The OM-2 is very accurate when metering a shot. I mainly shoot B&W film with it, and I am always impressed by how well the lenses render urban scenes and street shots.

The Olympus name has mostly disappeared—it was absorbed into the “OM System” brand five years ago. Let’s call it a casualty of the cellphone camera trend. Even so, the OM-2 has earned a special place in my collection. I hope it keeps working as long as I do. 

Minolta X-700

The Minolta X-700 is another small miracle. This particular one belongs to Deb. She got it from her parents as a Christmas gift. She used it for a few years, then it was relegated to a closet. Dan dusted it off for a school photography course when we lived in England. I remember buying him a 28mm lens to go with the original 50mm lens. 

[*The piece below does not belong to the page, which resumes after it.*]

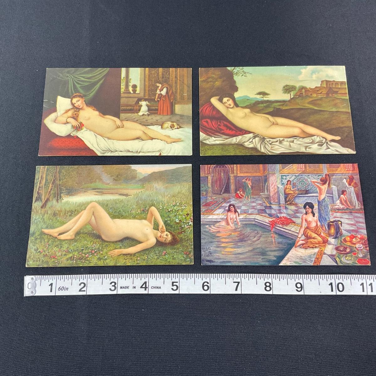 FOur vintage risqué art nouveau style postcards. Please see photos for details and condition. Any condition statement is given as a courtesy to a client, is an opinion, and should not be treated as a statement of fact. Reference to condition written, oral or within a condition report shall not be regarded as a full account of condition and may not include all defects, alterations, or restorations. Absence of a condition report does not imply a lot is flawless or lacking imperfections or damage. Katherine’s Auction & Appraisal Service shall have no responsibility for any error or omission. Returns shall not be accepted on the basis of condition. ::: Shipping is available on this lot. If you require shipping you must let us know at the close of the auction. We will coordinate with you after the item has been won. Shipping fees will include insurance up to or exceeding the value of all items being mailed. If you have any questions regarding this lot please contact the auctioneer either via this website, by direct email or by phone. PICK UP TIMES and other important information can be found in the TERMS and DESCRIPTION of the auction. Please take a look for pertinent information. Thanks!

The X-700 was the pinnacle of Minolta’s manual focus SLR line, and it was very popular. It was manufactured between 1981 and 1999, which is a long production run. The features of the X-700 are impressive. In addition to manual mode, it has Aperture Priority mode and a Program mode that integrates with Minolta MD lenses. It’s got a compact shape and it’s very light. The LEDs in the viewfinder are genius (with one downside). 

In my research for this piece, I learned that Minolta used plastic for some components of the camera. That goes some way to explaining its weight, and also why the camera feels less substantial than the other two in this piece. It’s also noisy when the shutter is activated. It’s worth remembering that by the mid-1980s, the SLR market was crowded, if not saturated, and autofocus cameras were starting to hit the market. No doubt that would have detracted Minolta’s attention away from their manual focus line. 

To this day, the X-700 remains a great camera. I like the feel of it in my hand, and that isn’t a coincidence. Size-wise, it fits in between the Canon and the Olympus. 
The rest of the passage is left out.